**Material shown**.

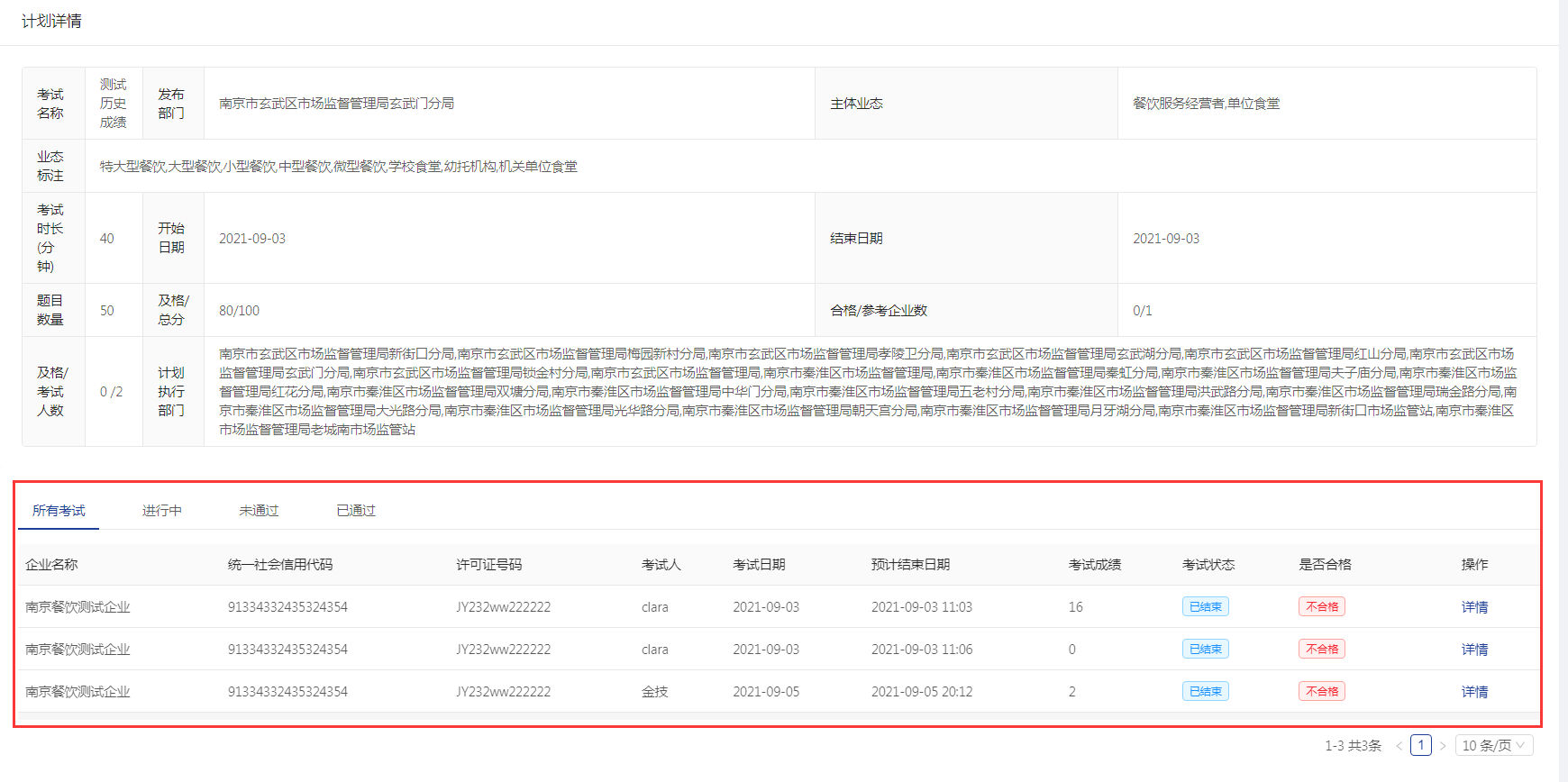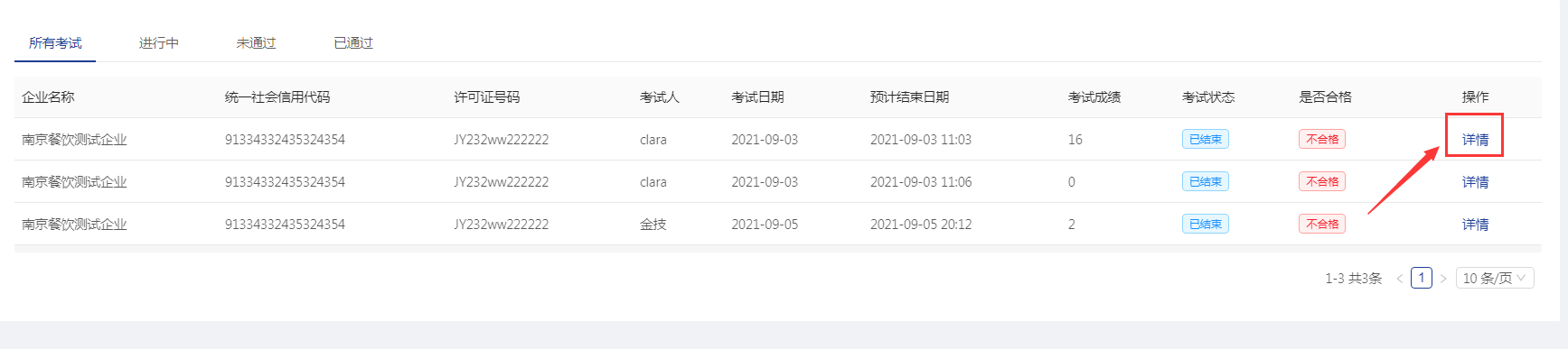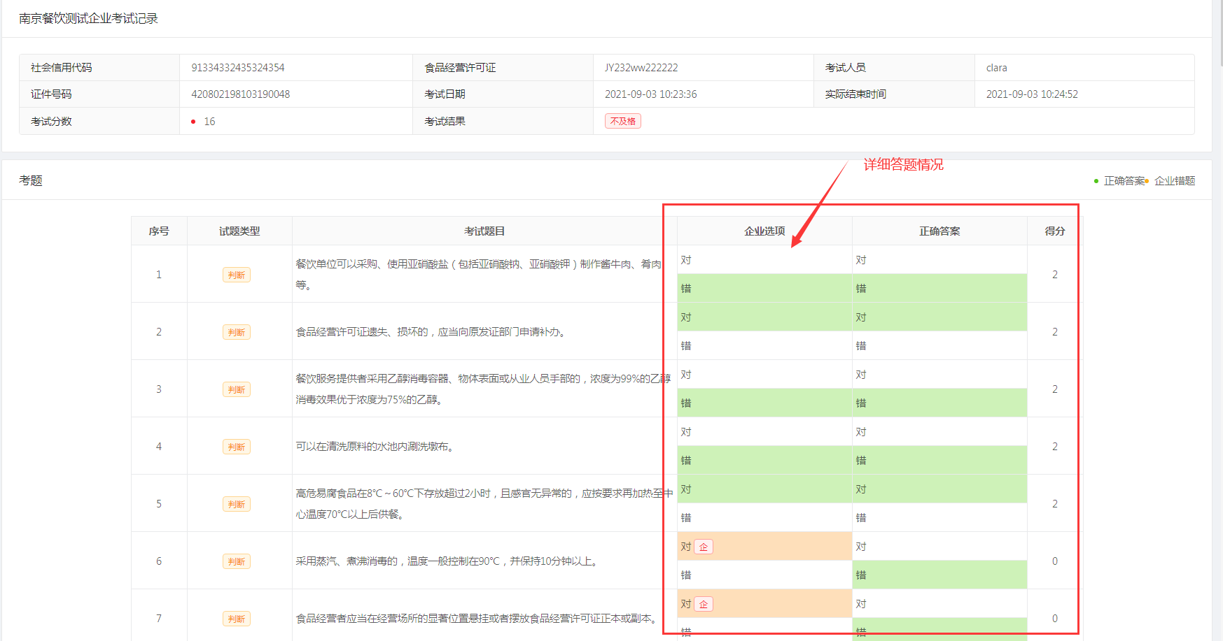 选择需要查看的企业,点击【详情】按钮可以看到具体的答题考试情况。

* * *

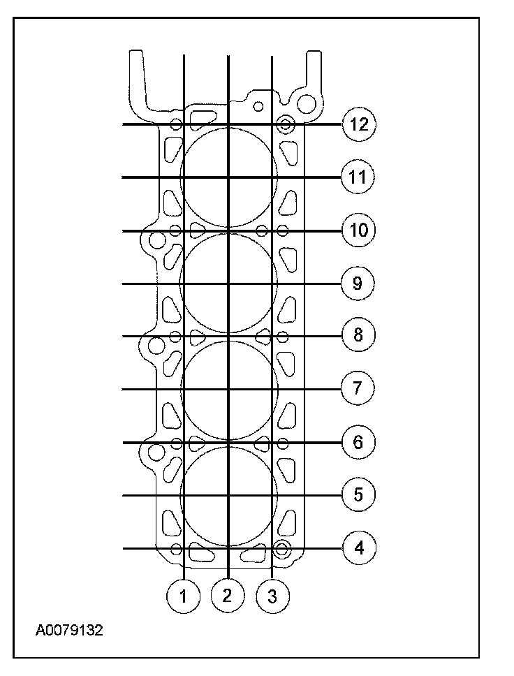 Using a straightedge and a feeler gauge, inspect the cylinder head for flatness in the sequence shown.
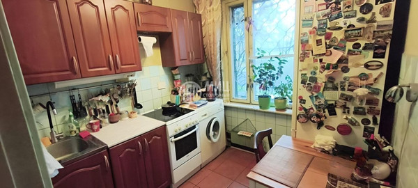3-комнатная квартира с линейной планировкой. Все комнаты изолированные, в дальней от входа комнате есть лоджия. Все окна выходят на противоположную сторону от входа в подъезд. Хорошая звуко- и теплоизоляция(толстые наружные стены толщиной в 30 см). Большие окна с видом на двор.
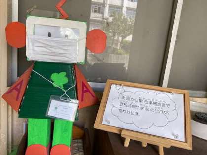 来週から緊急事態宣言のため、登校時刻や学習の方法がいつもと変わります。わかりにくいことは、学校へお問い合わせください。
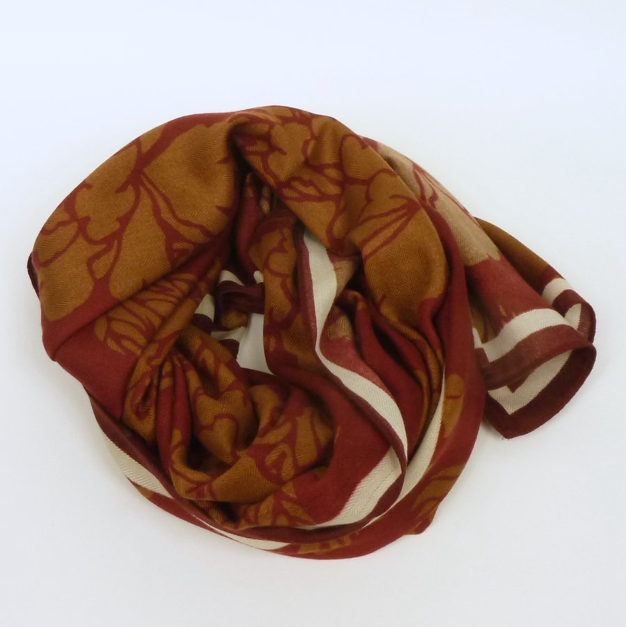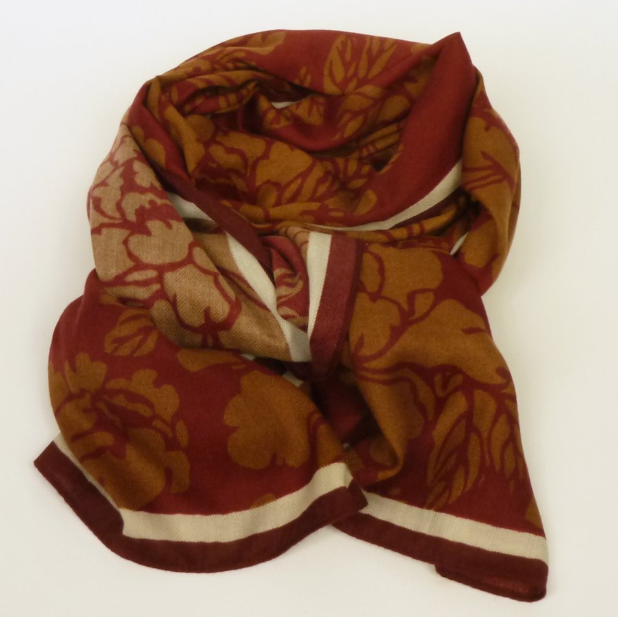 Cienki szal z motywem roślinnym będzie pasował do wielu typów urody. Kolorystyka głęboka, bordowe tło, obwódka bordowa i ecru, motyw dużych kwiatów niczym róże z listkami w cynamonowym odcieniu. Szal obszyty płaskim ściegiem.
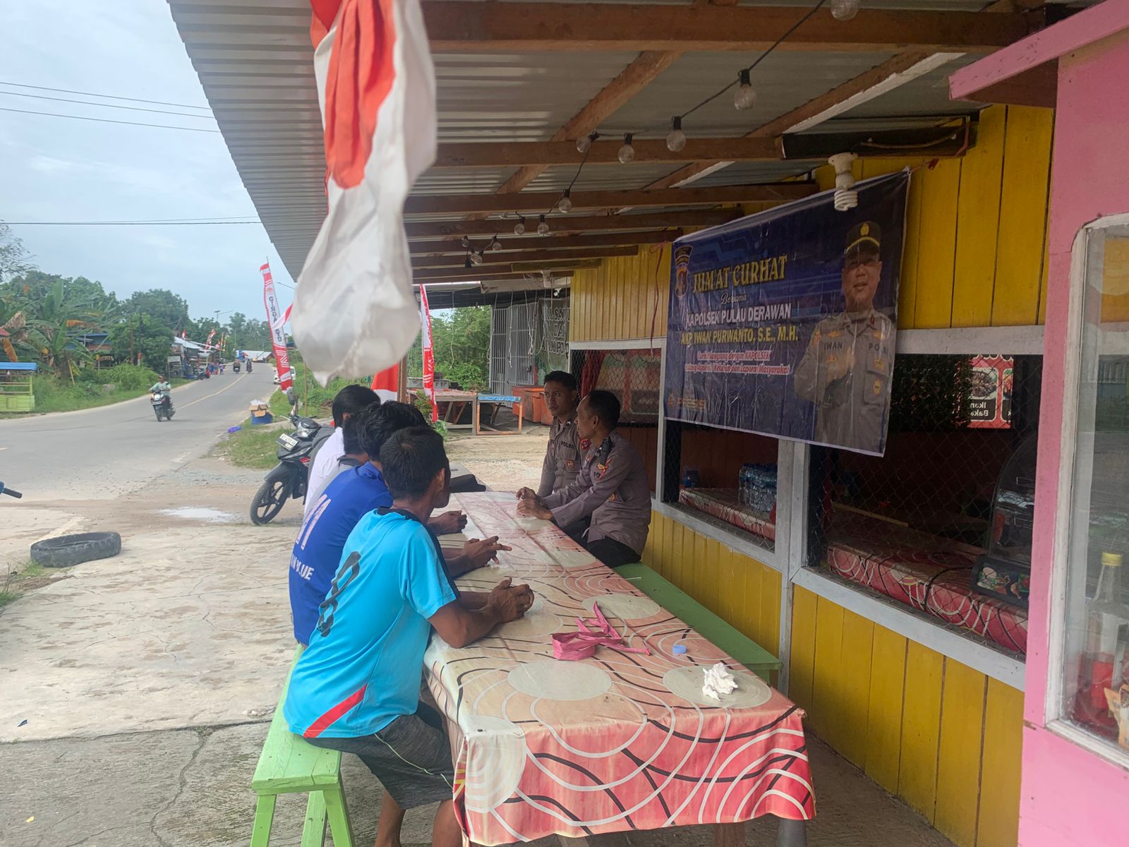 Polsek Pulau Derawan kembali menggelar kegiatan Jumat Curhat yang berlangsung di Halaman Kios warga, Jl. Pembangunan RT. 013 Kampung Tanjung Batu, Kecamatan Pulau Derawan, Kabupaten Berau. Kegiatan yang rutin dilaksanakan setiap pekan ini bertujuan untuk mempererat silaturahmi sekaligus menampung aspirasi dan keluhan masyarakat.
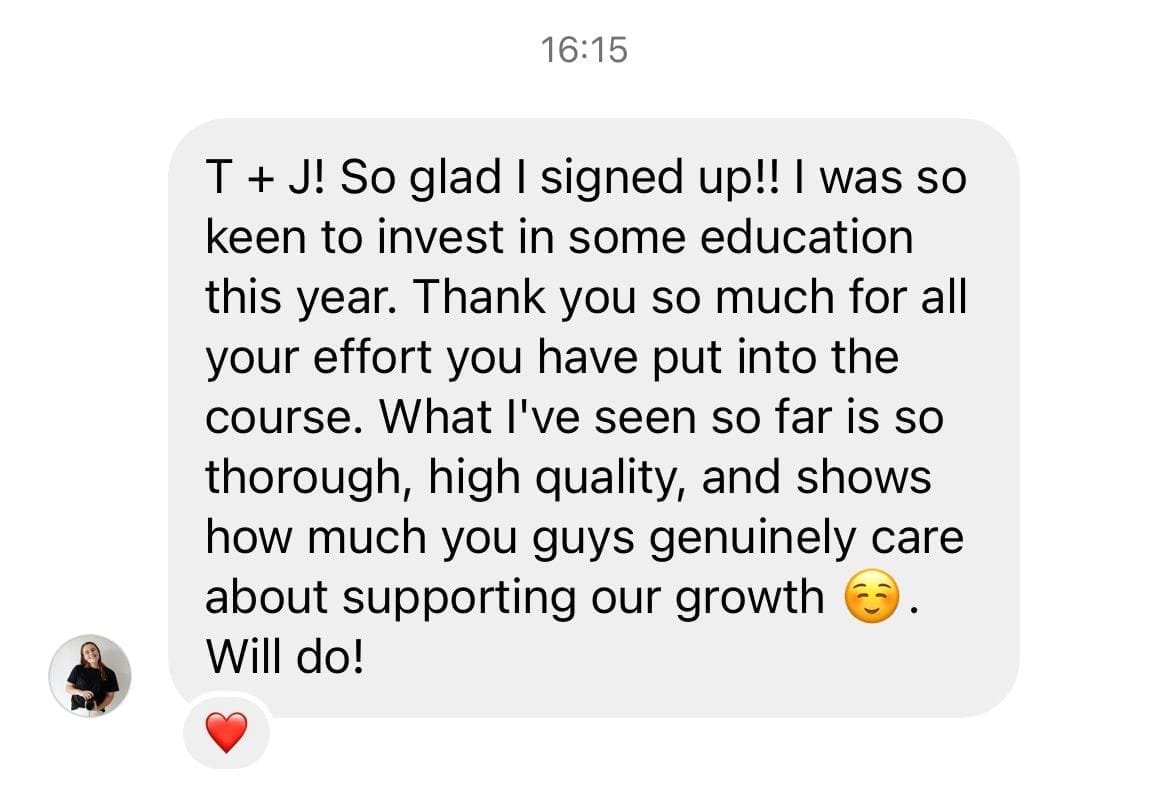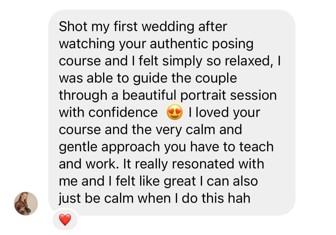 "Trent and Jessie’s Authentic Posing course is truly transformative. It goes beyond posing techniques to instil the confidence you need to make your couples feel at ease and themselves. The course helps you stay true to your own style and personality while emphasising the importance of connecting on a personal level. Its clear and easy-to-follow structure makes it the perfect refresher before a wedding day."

--

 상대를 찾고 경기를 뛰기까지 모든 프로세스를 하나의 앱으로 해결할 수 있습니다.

**Task directions**.
Using the entries above, repeat exactly the lines from the one with "3-комнатная квартира с" to the one with "来週から緊急事態宣言のため、", both included, and leave the pictures behind.

**Answer to the problem**.
3-комнатная квартира с линейной планировкой. Все комнаты изолированные, в дальней от входа комнате есть лоджия. Все окна выходят на противоположную сторону от входа в подъезд. Хорошая звуко- и теплоизоляция(толстые наружные стены толщиной в 30 см). Большие окна с видом на двор.
 来週から緊急事態宣言のため、登校時刻や学習の方法がいつもと変わります。わかりにくいことは、学校へお問い合わせください。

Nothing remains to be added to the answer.